В присутствии короля они не посмели протестовать и один за другим клялись «не нанимать любого человека по соглашению или под присягой. Не давать прокорм на содержание лошади, ничего не подписывать и не совершать что-либо противоправное или не создавать прецедент для совершения чего-либо подобного, или не соглашаться на какую бы то ни было поддержку, бунты или на незаконные собрания, не препятствовать исполнению королевских предписаний, не позволять любому уголовному преступнику найти себе поручителя или выкуп». Оставалось выяснить, сможет ли Генрих заставить их держать клятву, но по крайней мере он обладал властью привести их к присяге. Остальные билли короля были приняты беспрепятственно.
Поскольку спорить было не о чем, а нация по-прежнему очень нуждалась в присутствии джентльменов в их собственных владениях, парламент заседал не долго.
Десятого декабря Генрих присутствовал в парламенте, чтобы назначить перерыв в его работе. Прежде чем он смог это сделать, встал спикер, чтобы вручить непосредственно королю петицию Палаты Общин. Генрих дал на это разрешение, и Томас Ловелл от имени всех членов Палаты попросил Генриха взять в жены леди Элизабет из Йорка. Как только голос спикера замер, все члены парламента встали и склонили головы в знак подтверждения петиции, и затем вместе хором повторили свою просьбу. Генрих широко улыбался. Зрелая красота Элизабет не укрылась от взора Генриха, и становилась все более привлекательной каждый раз, когда они встречались. К тому же вопрос был поставлен в достаточно корректной форме. Парламент просил, а не требовал, чтобы Генрих сделал Элизабет своей женой, а не королевой. В нескольких словах, но весьма определенно Генрих заверил их, что он очень охотно согласится с их просьбой. Он вступит в брак с леди Элизабет в приличествующие сроки, как только будет получено разрешение, поскольку он и его предполагаемая невеста находились в кровном родстве.

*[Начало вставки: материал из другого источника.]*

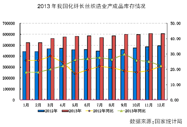 從2012年開(kāi)始攀升的產(chǎn)成品庫(kù)存仍在持續(xù)增長(zhǎng),據(jù)國(guó)家統(tǒng)計(jì)局統(tǒng)計(jì),截至2013年年底,我國(guó)化纖長(zhǎng)絲織造業(yè)產(chǎn)成品庫(kù)存達(dá)到60.56億元,同比增長(zhǎng)22.22%。從全年來(lái)看,盡管企業(yè)始終努力從調(diào)節(jié)生產(chǎn)、調(diào)整產(chǎn)品結(jié)構(gòu)、甚至降低產(chǎn)品價(jià)格等多方面消化庫(kù)存,但眾所周知,只要持續(xù)生產(chǎn),只要市場(chǎng)沒(méi)有徹底轉(zhuǎn)好,庫(kù)存實(shí)際上是一邊消化、一邊積壓。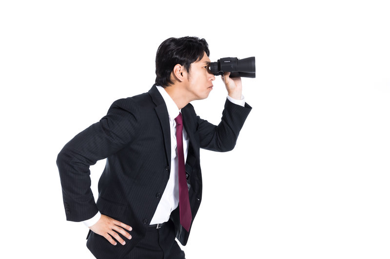 スーツを着た男性が双眼鏡を覗いている写真素材です。黒いストライプスーツとえんじ色ネクタイを着た男性が、両手で双眼鏡を構えて目に当て、横向きで遠くを監視する姿勢をしています。マーケティング資料や競合調査、ビジネスリサーチ関連のコンテンツなどにおすすめです。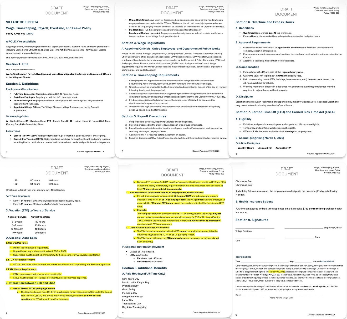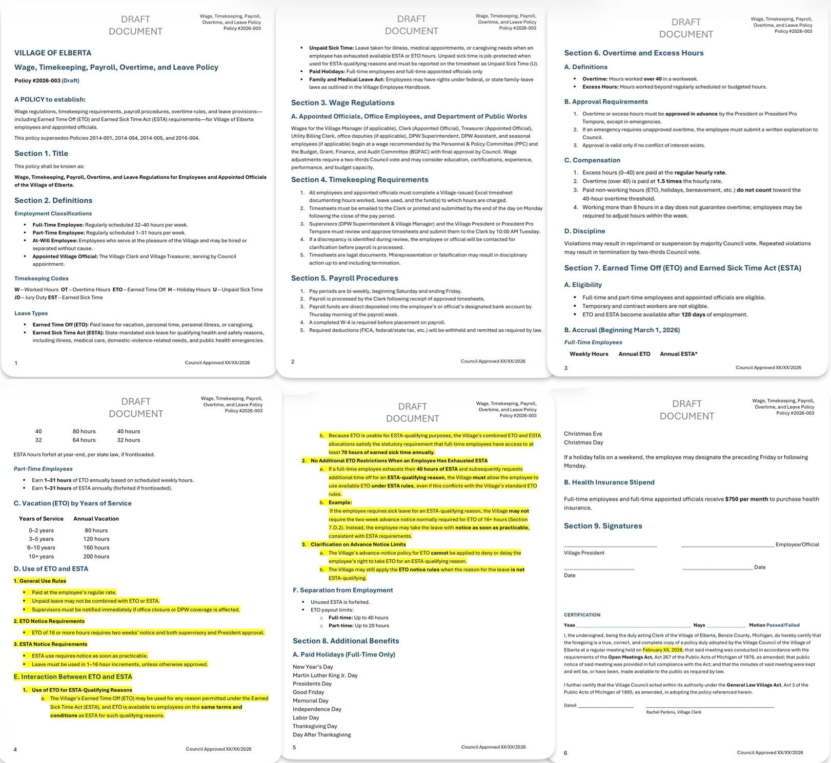 “This one combined a lot of policies together from our old book. We combined wage, payroll, overtime. This policy has been through [BGFAC] and the Personnel and Policy committee and the Village Attorney as well. It includes the new ESTA formulas and all the things that have happened recently. It unifies the policy into one spot whereas they were all separate and not really cohesive. It’s a heck of a lot easier to understand. It will help the clerk tremendously in the payroll process. Over on page 3 where it says that overtime and excess hours must be approved in advance by the President or Pro Tempore, we can add ‘or Village Manager,’ and then if we get one, we get one, if we don’t, it doesn’t matter. Everything highlighted is what the attorney suggested.” Council adopted the policy.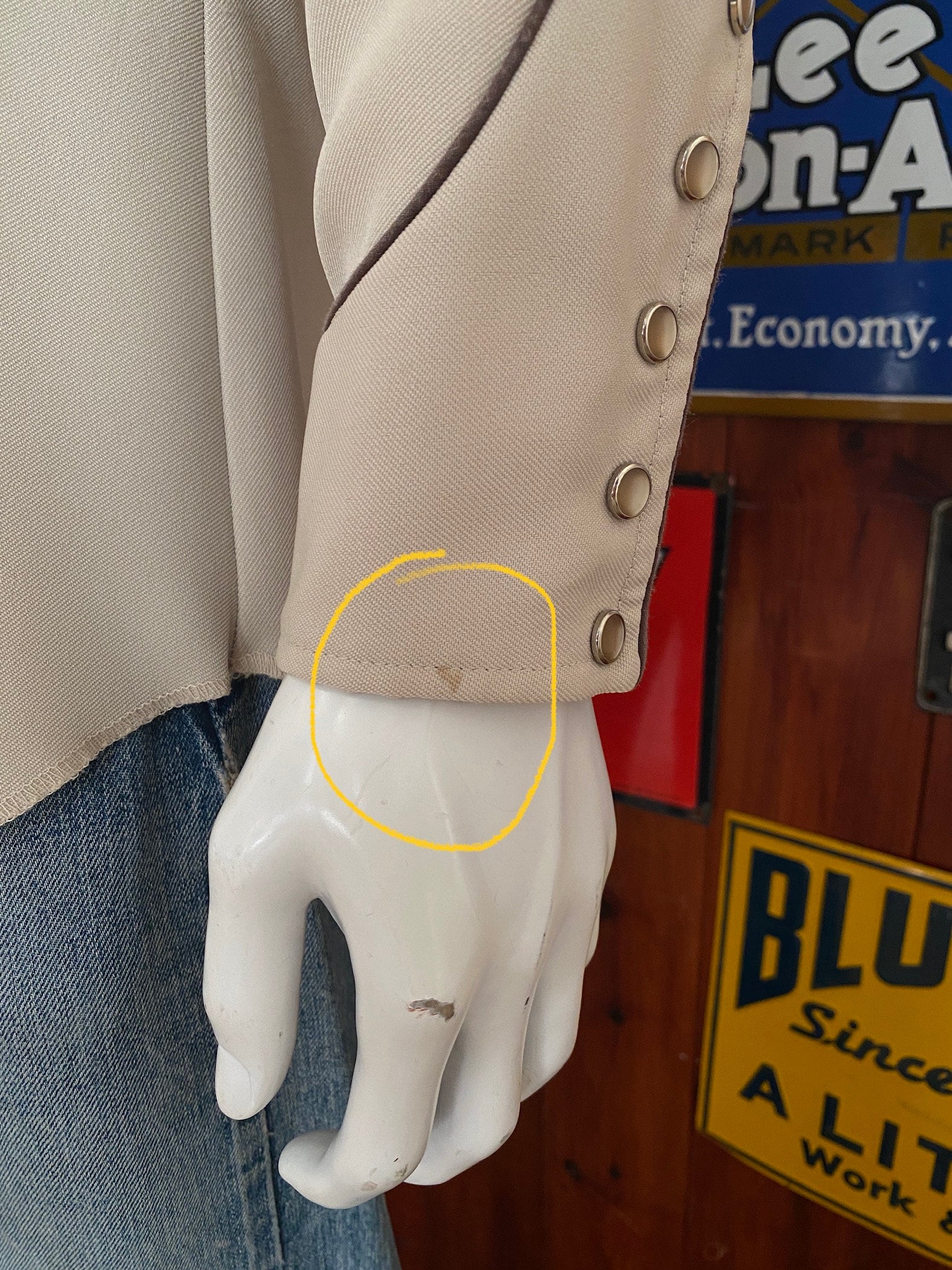 Condition: Very good, small stain on the sleeve shown in pictures.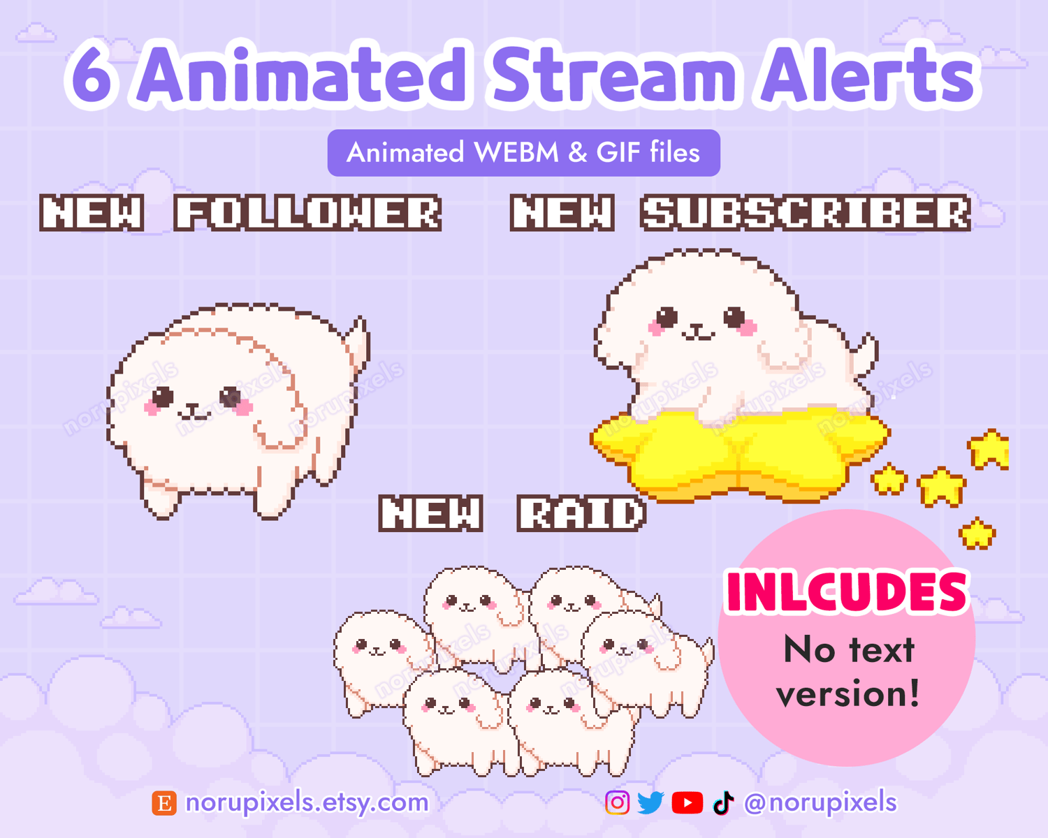 6 animated stream alerts ready to download. After purchase you will receive a .ZIP file. Unzip this to access: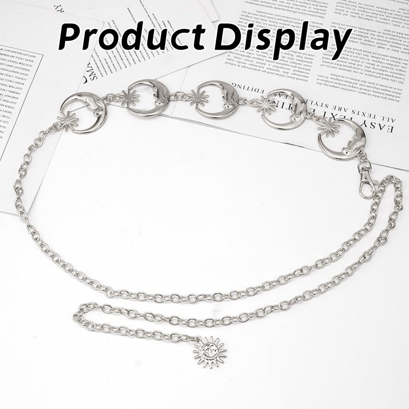 Star Waist Chain Belt For Women With Moon & Sun Pendants - Silver Body Chain Jewelry, Boho Decorated Skinny Waist Belt, Western Metal Chain Belt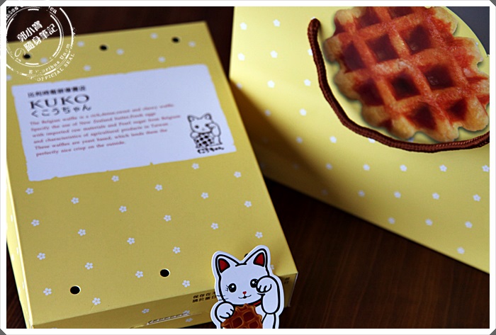 KUKO比利時鬆餅買六個就可以裝一個盒子,仔細看了一下盒子還滿有設計概念的,這盒子密封後只能打開一次,撕開封條後就不能重複使用了,而且因為鬆餅當天真的出了很多,我跟朋友就當作下午茶慢慢聊慢慢吃,
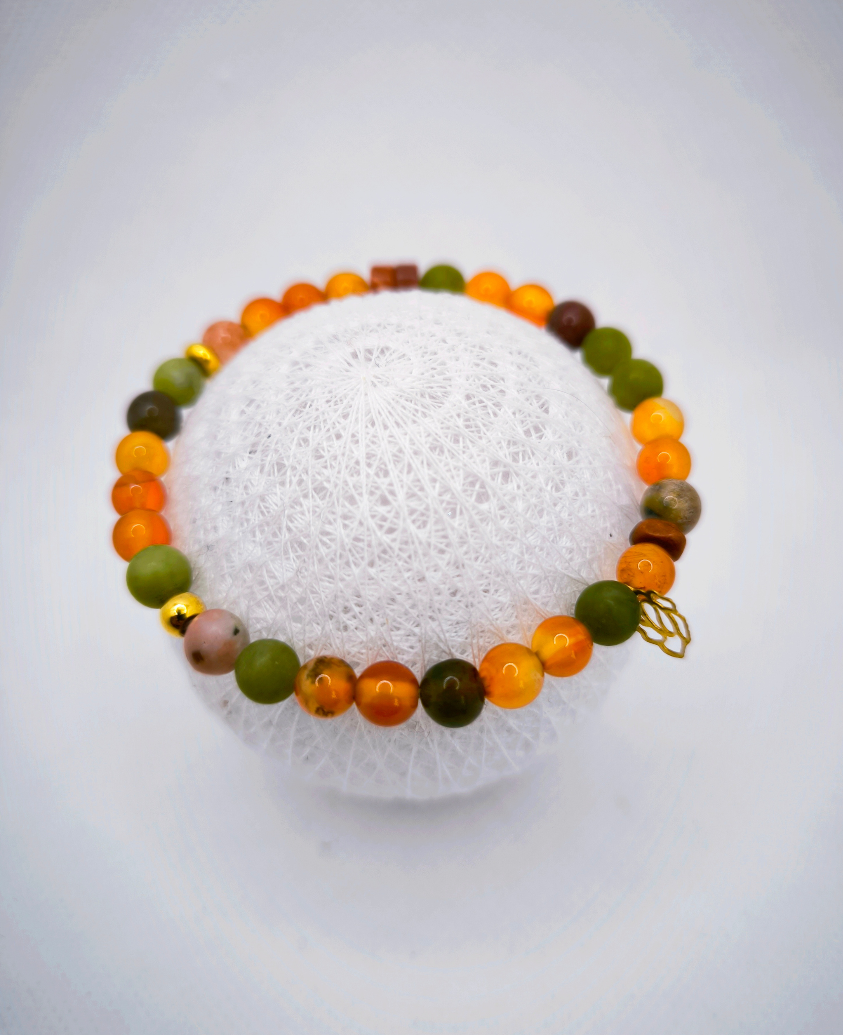 Laissez-vous séduire par la beauté naturelle et l’énergie positive de ce bracelet en pierres naturelles Serpentine, d’Agate et Granit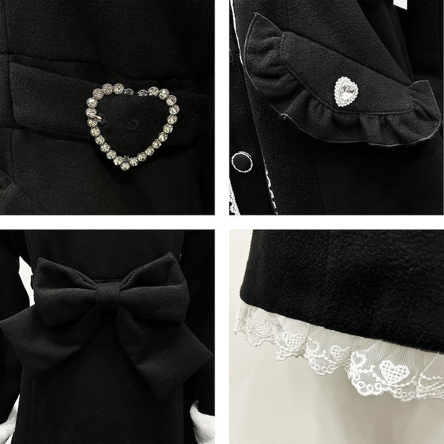 銀縁のくるみボタンがかわいく、襟にはハートバックルリボン、後ろにも大きめリボンと

Немедленно были посланы курьеры в Рим, но Генрих не собирался дожидаться ответа из медлительной папской курии. Наиболее насущные политические проблемы были решены. Наступило временное затишье, прежде чем его обступят новые проблемы, и сейчас есть время подумать о себе, как о мужчине. Он нещадно торопил совет и слуг с тем, чтобы приготовления к свадьбе шли быстрее, и он все чаще приходил в дом вдовствующей королевы, чтобы искоса взглянуть на Элизабет, когда она беседовала с его матерью.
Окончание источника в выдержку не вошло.